- [Task to complete]: Leave every picture out, and print the full listing again exactly.
*** Data extract ***
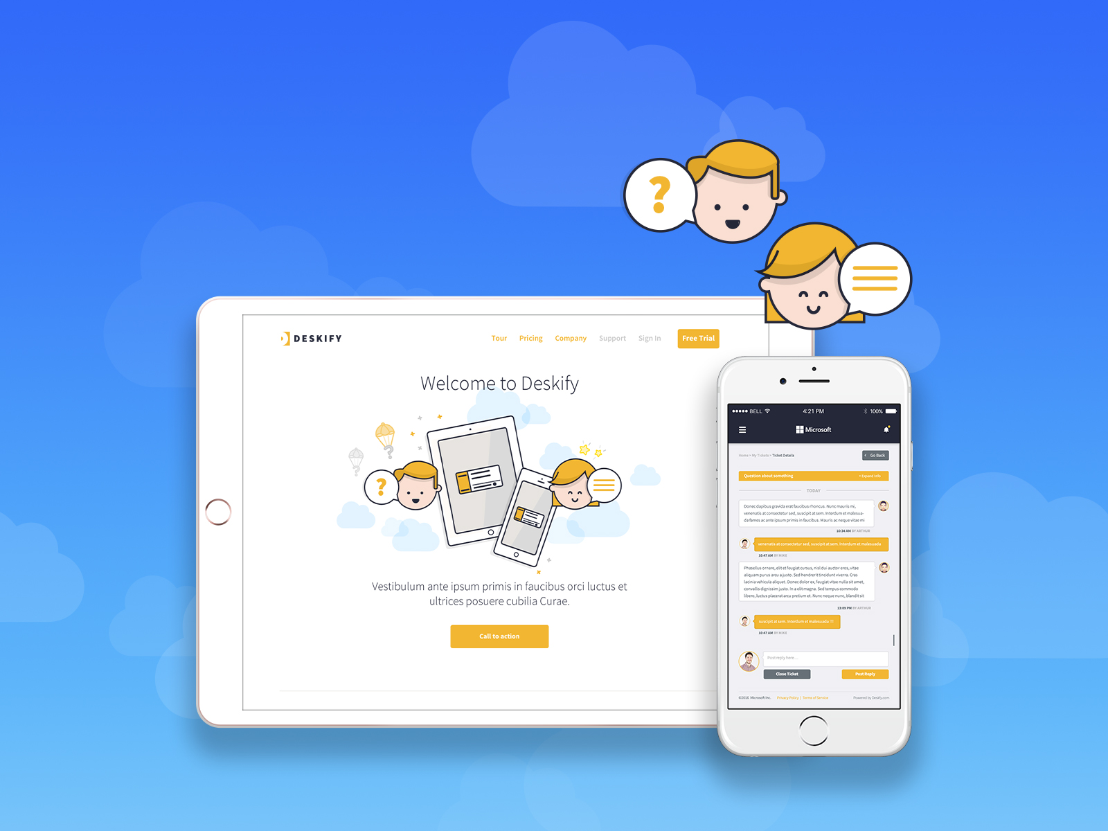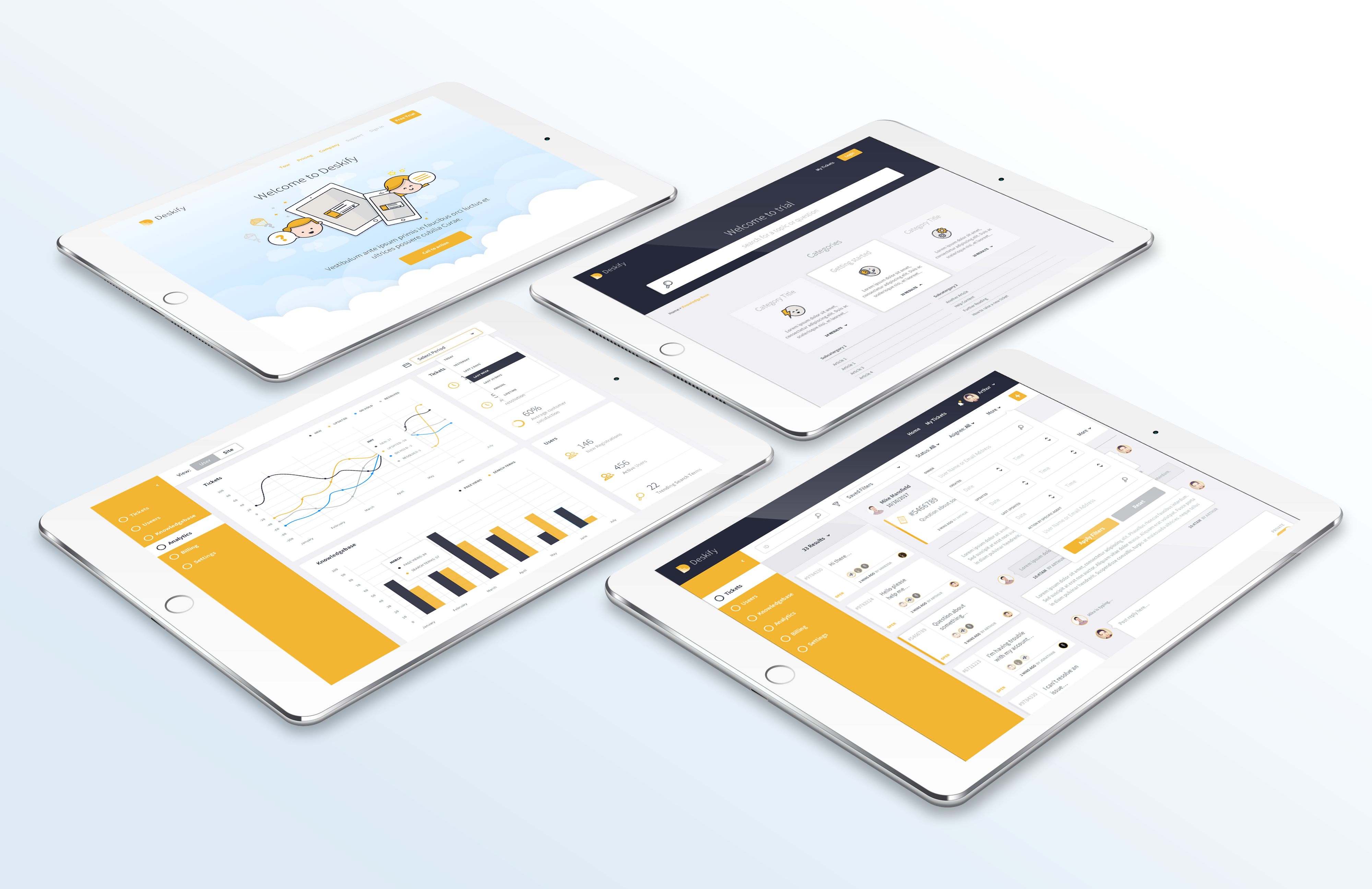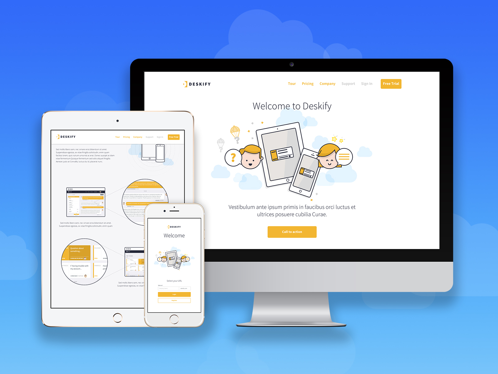 Deskify is a help desk solution that required a clean, flat responsive UI for their SaaS (web app) MVP. I produced a complete UI Design of the help desk for both users and administrators and developed wireframes, branding, illustrations, and UI styles to be used on both desktop and mobile devices.
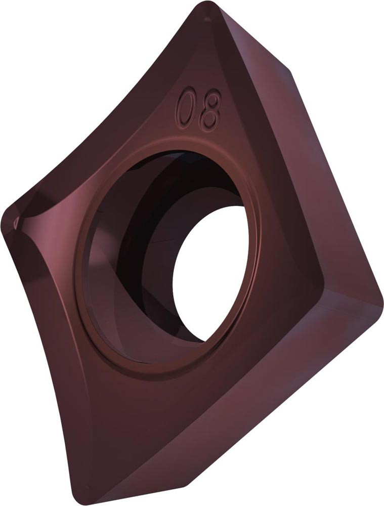 Einseitige positive Drehwendeschneidplatte · 80° Rhombisch mit 7° Freiwinkel · Innenkreisdurchmesser von 12.7mm · 4.76mm Dick · 0.8mm Radius · Indexgenauigkeit nach ISO-Toleranzklasse-G · Spanbrecher SF3 mit verrundeter Schneidkante · im Substrat T8415.
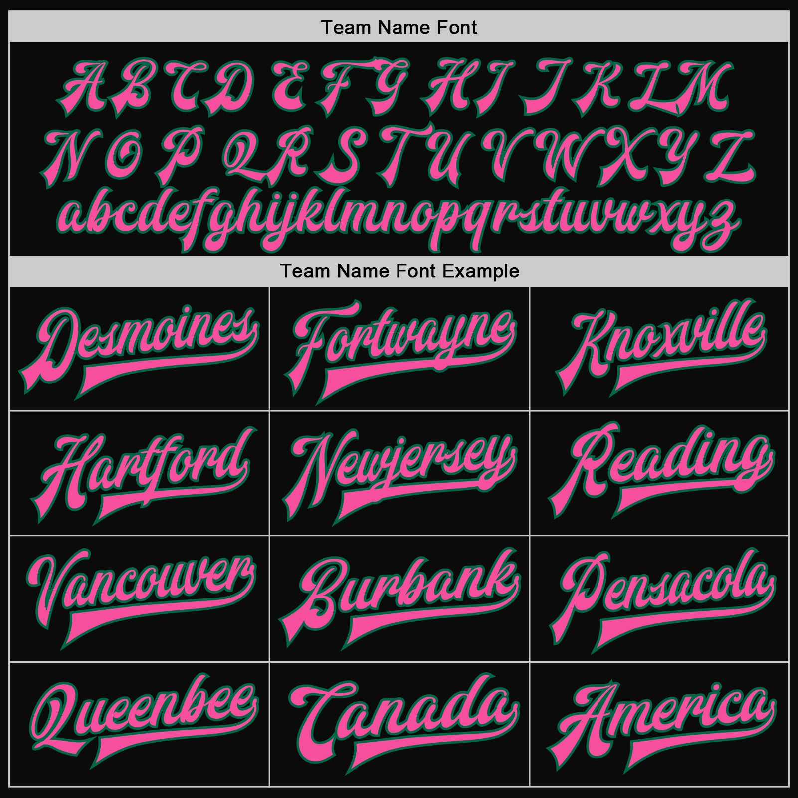 Custom Black Pink-Kelly Green Bomber Full-Snap Varsity Letterman Two Tone Jacket
***
- [Task output]:
 Deskify is a help desk solution that required a clean, flat responsive UI for their SaaS (web app) MVP. I produced a complete UI Design of the help desk for both users and administrators and developed wireframes, branding, illustrations, and UI styles to be used on both desktop and mobile devices.
 Einseitige positive Drehwendeschneidplatte · 80° Rhombisch mit 7° Freiwinkel · Innenkreisdurchmesser von 12.7mm · 4.76mm Dick · 0.8mm Radius · Indexgenauigkeit nach ISO-Toleranzklasse-G · Spanbrecher SF3 mit verrundeter Schneidkante · im Substrat T8415.
 Custom Black Pink-Kelly Green Bomber Full-Snap Varsity Letterman Two Tone Jacket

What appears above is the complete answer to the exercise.